INPUT FOR THIS TASK
________
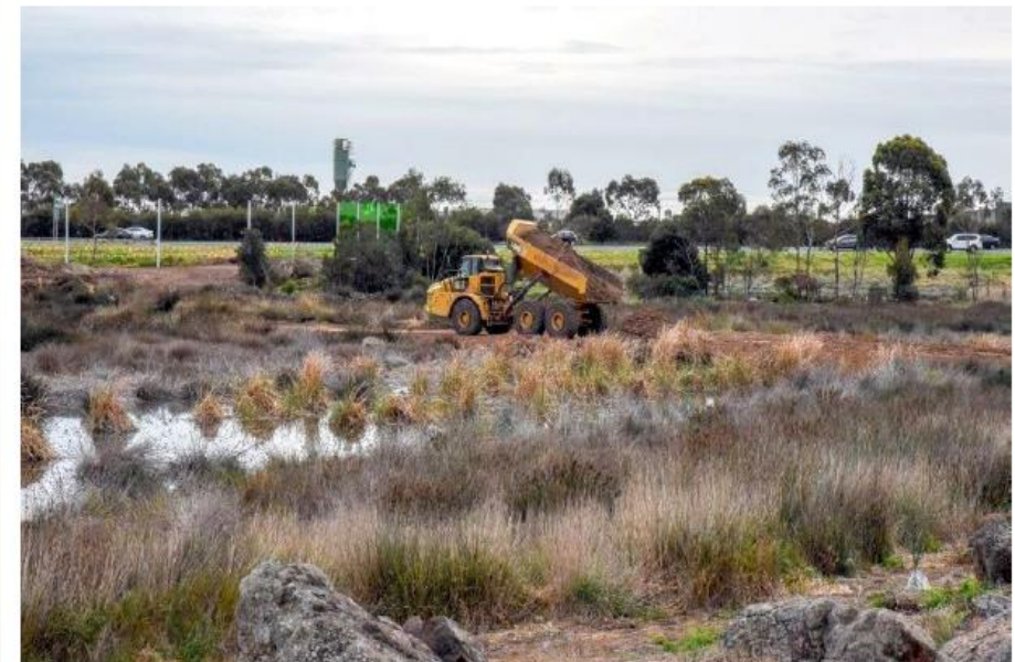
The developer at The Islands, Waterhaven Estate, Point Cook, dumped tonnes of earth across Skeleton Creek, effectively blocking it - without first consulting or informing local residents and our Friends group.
________
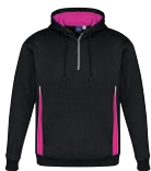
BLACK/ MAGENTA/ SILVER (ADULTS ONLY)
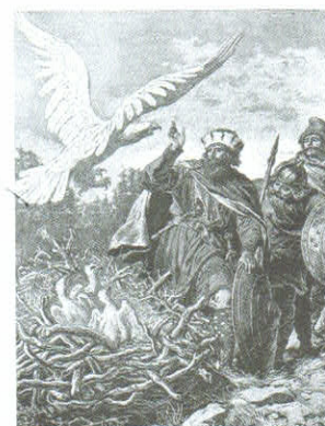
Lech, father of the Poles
________
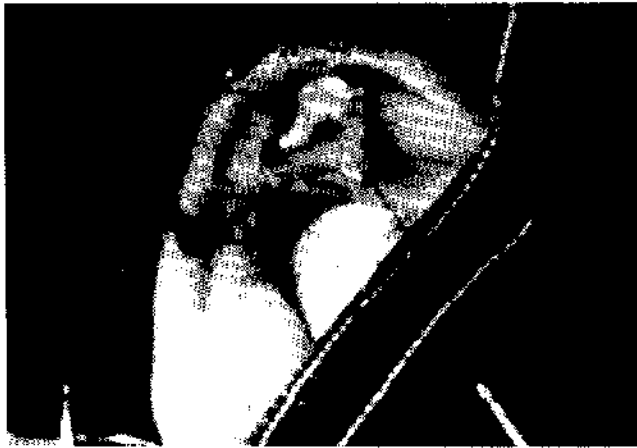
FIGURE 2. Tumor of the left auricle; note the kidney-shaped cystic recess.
________
TO DO
Starting at the line above that holds "BLACK/ MAGENTA/ SILVER (ADULTS ONLY)", repeat every line exactly down to and including the line that holds "Lech, father of the Poles", then stop. Do not carry over any pictures.

SOLVED PROBLEM
BLACK/ MAGENTA/ SILVER (ADULTS ONLY)
Lech, father of the Poles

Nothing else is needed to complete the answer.